─── DATA PROVIDED ───

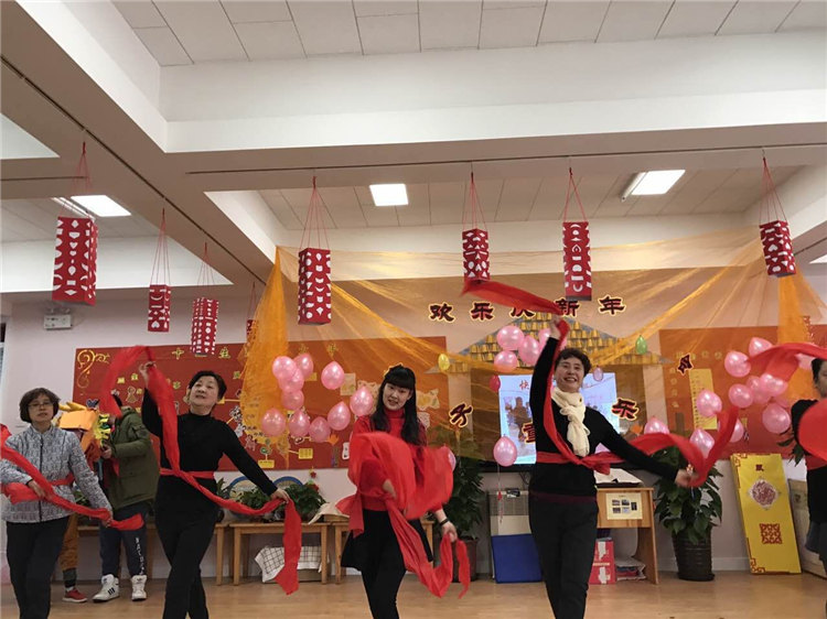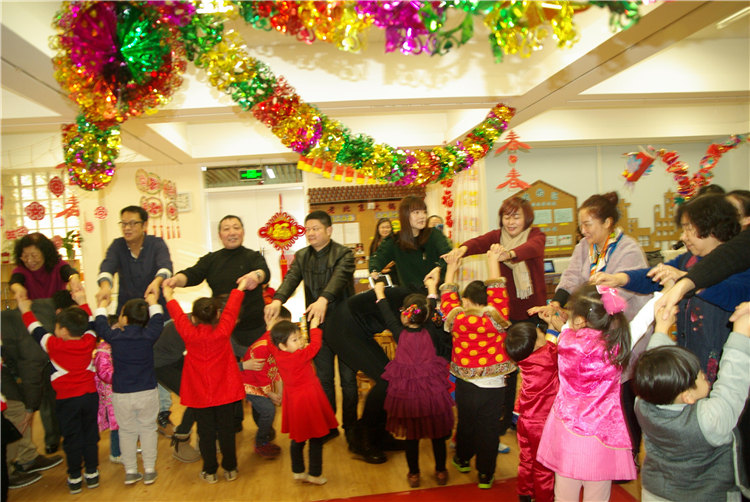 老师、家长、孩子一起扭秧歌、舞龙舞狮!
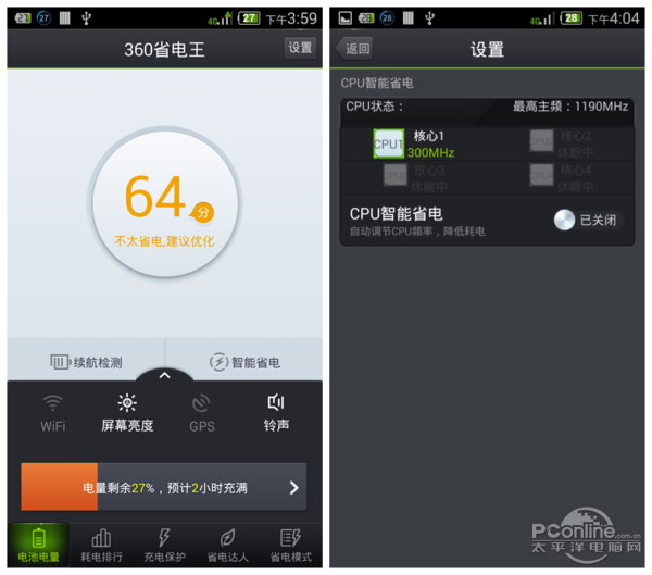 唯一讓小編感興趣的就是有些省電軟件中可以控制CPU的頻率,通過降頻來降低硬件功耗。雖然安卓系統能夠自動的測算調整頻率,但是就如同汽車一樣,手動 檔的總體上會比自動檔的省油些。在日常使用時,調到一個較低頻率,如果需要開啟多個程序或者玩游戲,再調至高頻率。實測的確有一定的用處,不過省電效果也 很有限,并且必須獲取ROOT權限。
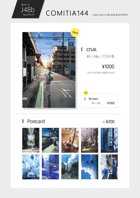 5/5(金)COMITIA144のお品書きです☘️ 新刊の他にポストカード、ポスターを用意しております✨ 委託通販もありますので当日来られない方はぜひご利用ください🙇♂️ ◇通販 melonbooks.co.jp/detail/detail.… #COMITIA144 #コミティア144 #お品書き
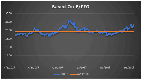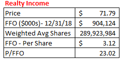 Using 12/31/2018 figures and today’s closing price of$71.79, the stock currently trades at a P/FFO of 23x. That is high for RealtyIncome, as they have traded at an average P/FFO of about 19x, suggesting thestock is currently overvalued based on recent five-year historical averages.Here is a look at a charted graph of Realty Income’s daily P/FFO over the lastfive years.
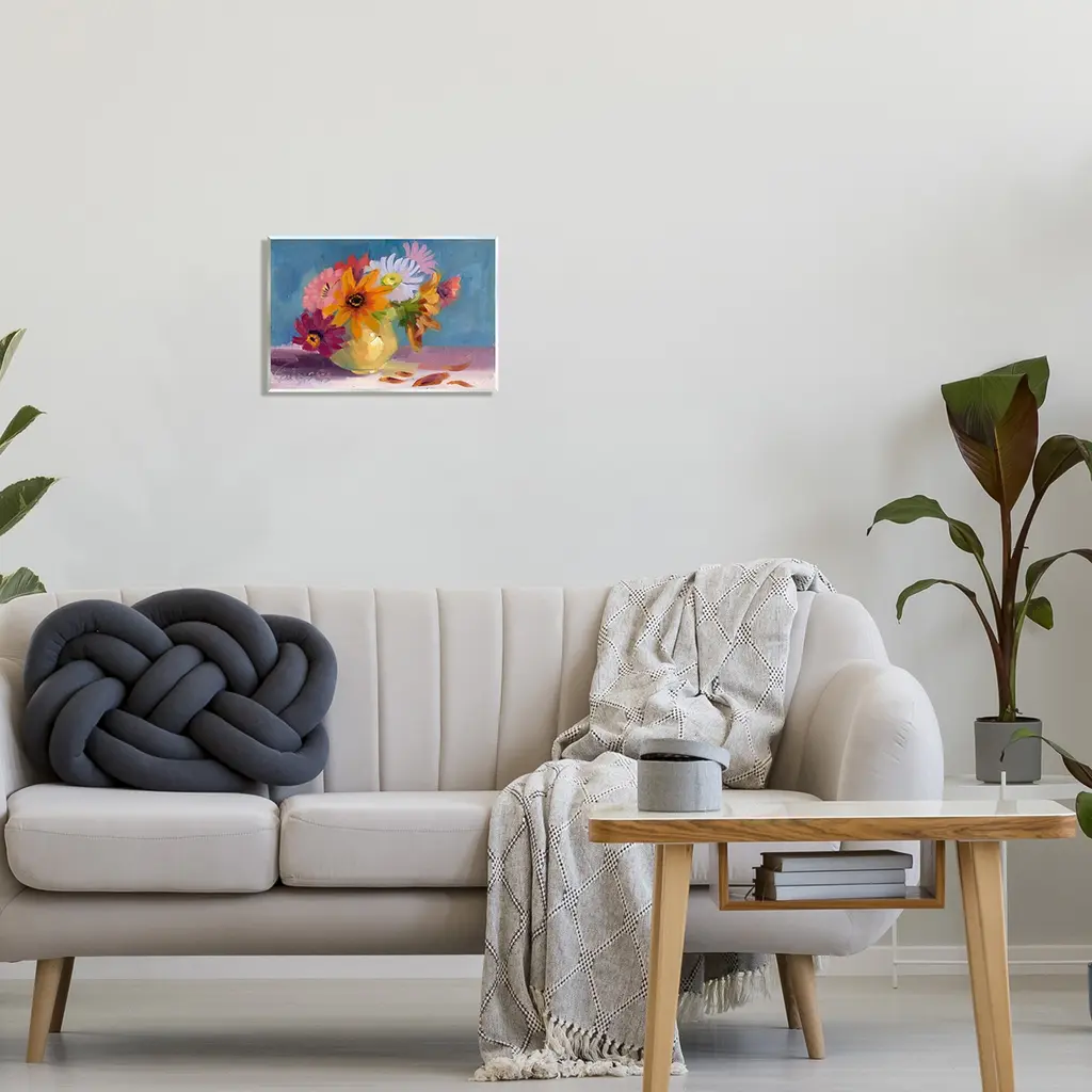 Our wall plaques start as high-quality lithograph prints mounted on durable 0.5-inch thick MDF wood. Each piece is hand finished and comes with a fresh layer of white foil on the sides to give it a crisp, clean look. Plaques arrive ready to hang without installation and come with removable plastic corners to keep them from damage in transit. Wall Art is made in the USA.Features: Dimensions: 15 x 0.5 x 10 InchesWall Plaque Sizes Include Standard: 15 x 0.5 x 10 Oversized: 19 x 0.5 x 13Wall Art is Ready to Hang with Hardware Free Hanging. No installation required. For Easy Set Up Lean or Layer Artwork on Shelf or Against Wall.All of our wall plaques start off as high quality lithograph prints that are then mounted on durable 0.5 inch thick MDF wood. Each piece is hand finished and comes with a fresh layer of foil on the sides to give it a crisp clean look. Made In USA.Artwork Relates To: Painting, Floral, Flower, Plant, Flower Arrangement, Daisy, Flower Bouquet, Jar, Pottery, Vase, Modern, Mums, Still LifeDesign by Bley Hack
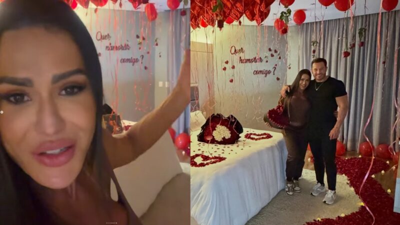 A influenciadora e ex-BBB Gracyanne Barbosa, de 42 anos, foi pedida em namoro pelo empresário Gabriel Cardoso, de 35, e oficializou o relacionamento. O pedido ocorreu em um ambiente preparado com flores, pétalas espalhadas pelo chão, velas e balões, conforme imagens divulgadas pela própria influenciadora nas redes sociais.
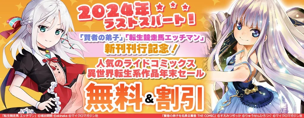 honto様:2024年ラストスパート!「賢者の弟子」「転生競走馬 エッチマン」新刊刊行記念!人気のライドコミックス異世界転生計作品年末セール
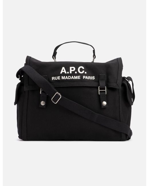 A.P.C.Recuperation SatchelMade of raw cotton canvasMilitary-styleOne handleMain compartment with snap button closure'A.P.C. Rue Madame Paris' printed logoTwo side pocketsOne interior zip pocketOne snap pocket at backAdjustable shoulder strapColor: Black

───

What to print is the stretch of entries from the line with "唯一讓小編感興趣的就是有些省" up to and including the line with "Using 12/31/2018 figures". Please print it exactly and leave out the pictures.

 唯一讓小編感興趣的就是有些省電軟件中可以控制CPU的頻率,通過降頻來降低硬件功耗。雖然安卓系統能夠自動的測算調整頻率,但是就如同汽車一樣,手動 檔的總體上會比自動檔的省油些。在日常使用時,調到一個較低頻率,如果需要開啟多個程序或者玩游戲,再調至高頻率。實測的確有一定的用處,不過省電效果也 很有限,并且必須獲取ROOT權限。
 5/5(金)COMITIA144のお品書きです☘️ 新刊の他にポストカード、ポスターを用意しております✨ 委託通販もありますので当日来られない方はぜひご利用ください🙇♂️ ◇通販 melonbooks.co.jp/detail/detail.… #COMITIA144 #コミティア144 #お品書き
 Using 12/31/2018 figures and today’s closing price of$71.79, the stock currently trades at a P/FFO of 23x. That is high for RealtyIncome, as they have traded at an average P/FFO of about 19x, suggesting thestock is currently overvalued based on recent five-year historical averages.Here is a look at a charted graph of Realty Income’s daily P/FFO over the lastfive years.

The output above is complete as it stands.